Depois de revelado o escândalo que envolvia a apropriação e utilização ilegal de informações de mais de 87 milhões de perfis no Facebook, a empresa de informação inglesa Cambridge Analytica encerrou suas atividades – mas seu terrível legado ainda existe, e as consequências do trabalho tóxico realizado pela empresa serão sentidas sobre as democracias do mundo ainda por muito tempo.

É isso que sugere o novo vazamento de mais de 100 mil documentos relatando o trabalho da empresa em 68 países, a fim de manipular as eleições – incluindo o Brasil. As informações gerais serão liberadas ao público em breve e revelam manipulações eleitorais em escala industrial.

Brittany Kaiser, ex-funcionária da empresa

Os documentos vieram de Brittany Kaiser, uma ex-funcionária da Cambridge Analytica que se tornou informante desde o início das investigações a respeito do envolvimento de Donald Trump e do Partido Republicano na tentativa de manipulação da Rússia sobre as eleições presidenciais nos EUA, em 2016. As primeiras informações vazadas dizem respeitos às eleições na Malásia, no Quênia e no Brasil – a decisão de Brittany de ir a público se deu após as últimas eleições no Reino Unido. “É tão abundantemente claro que nosso sistema eleitoral está escancarado para ser abusado”, disse Brittany. “Eu estou muito temerosa sobre o que irá acontecer nas próximas eleições nos EUA, no final desse ano, e acho que uma das poucas maneiras de nos protegermos é liberando a maior quantidade de informações possível”, afirmou.
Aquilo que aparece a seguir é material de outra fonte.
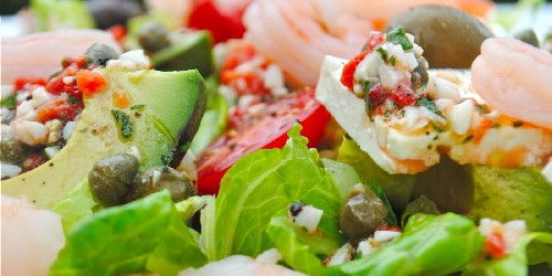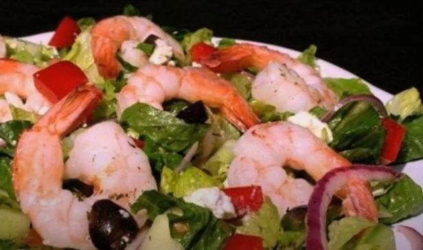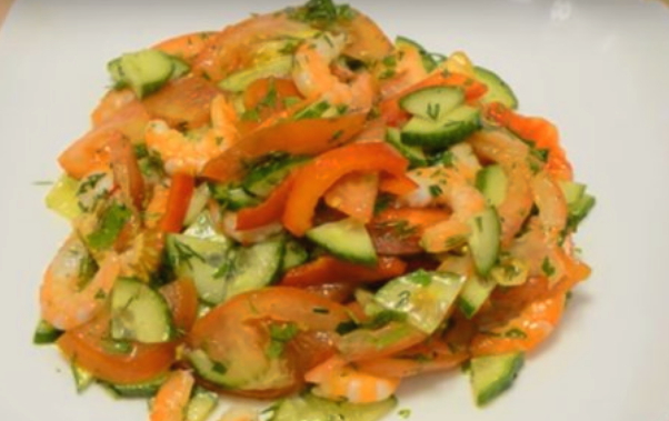 Het wordt aanbevolen om in dit recept gamba's te gebruiken - ze voegen niet alleen verzadiging toe aan de salade, maar versieren deze ook.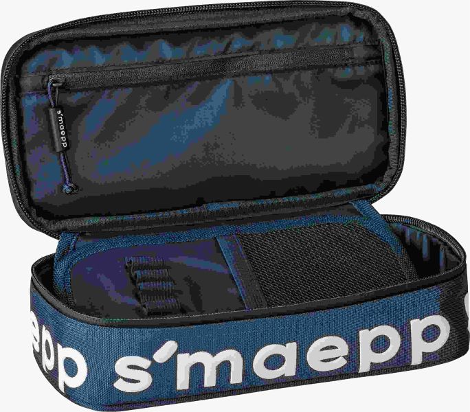 Strapazierfähiges, pflegeleichtes Material (Nylon), Farbe: denim; extra Reißverschlussfach, passend auch für Smartphones zusätzliche Innenklappe mit 5 extra robusten Stiftschlaufen und praktischer Netztasche, Fach für Geometrie-Dreieck und Stundenplan, 2 Einsteckfächer sehr gute Übersichtlichkeit und leichteres Entnehmen durch besondere Formstabilität der charakteristische, verdeckte Outdoor-Reißverschluss ist leichtgängig und robust stabile und hochwertig verarbeitete Nähte sowie elegante Doppelziernähte gummierter Zipper mit markantem Seemannsknoten an einer Outdoor-Reepschnur - zum leichten Aufziehen des Reißverschlusses; Anzahl der Klappen: 1; mit attraktivem s'maepp Logo Aufdruck; im zeitlosen Hardcase-Look; großer und übersichtlicher Stauraum bei kompakten Abmessungen, strukturierte Einteilung schafft Ordnung und Übersicht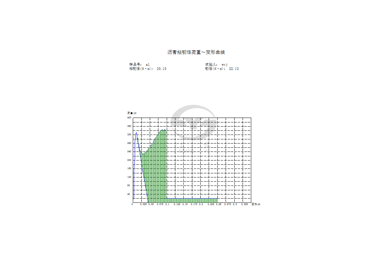 2、自主研發(fā)的試驗(yàn)檢測(cè)軟件,能自動(dòng)繪制打印“粘韌性試驗(yàn)荷重~變形曲線(xiàn)”和自動(dòng)計(jì)算瀝青的粘韌性、韌性。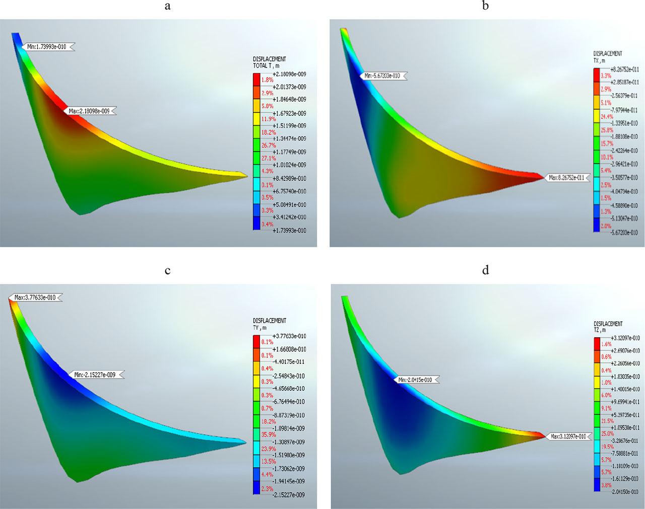 Displacements under static loads: a – total displacements, b – radial displacement, c – tangential displacement, d – vertical displacement

Marck Zuckerberg, criador do Facebook, depondo no Congresso dos EUA

Os documentos vazados vieram de seu e-mail e de seus HDs e, ainda que tenha entregado uma parte ao parlamentos estadunidense no ano retrasado, Brittany garante que ainda possui milhares de páginas a serem entregues, capazes de revelar “a profundidade do trabalho, indo muito além do que as pessoas pensam ser o ‘escândalo da Cambridge Analytica’”. A empresa teria atuado na tentativa de manipular as últimas eleições brasileiras, trabalhando com empresas, doadores e partidos políticos, mas o esforço teria obtido sucesso menor do que, por exemplo, nas eleições dos EUA e no plebiscito pelo Brexit, no Reino Unido.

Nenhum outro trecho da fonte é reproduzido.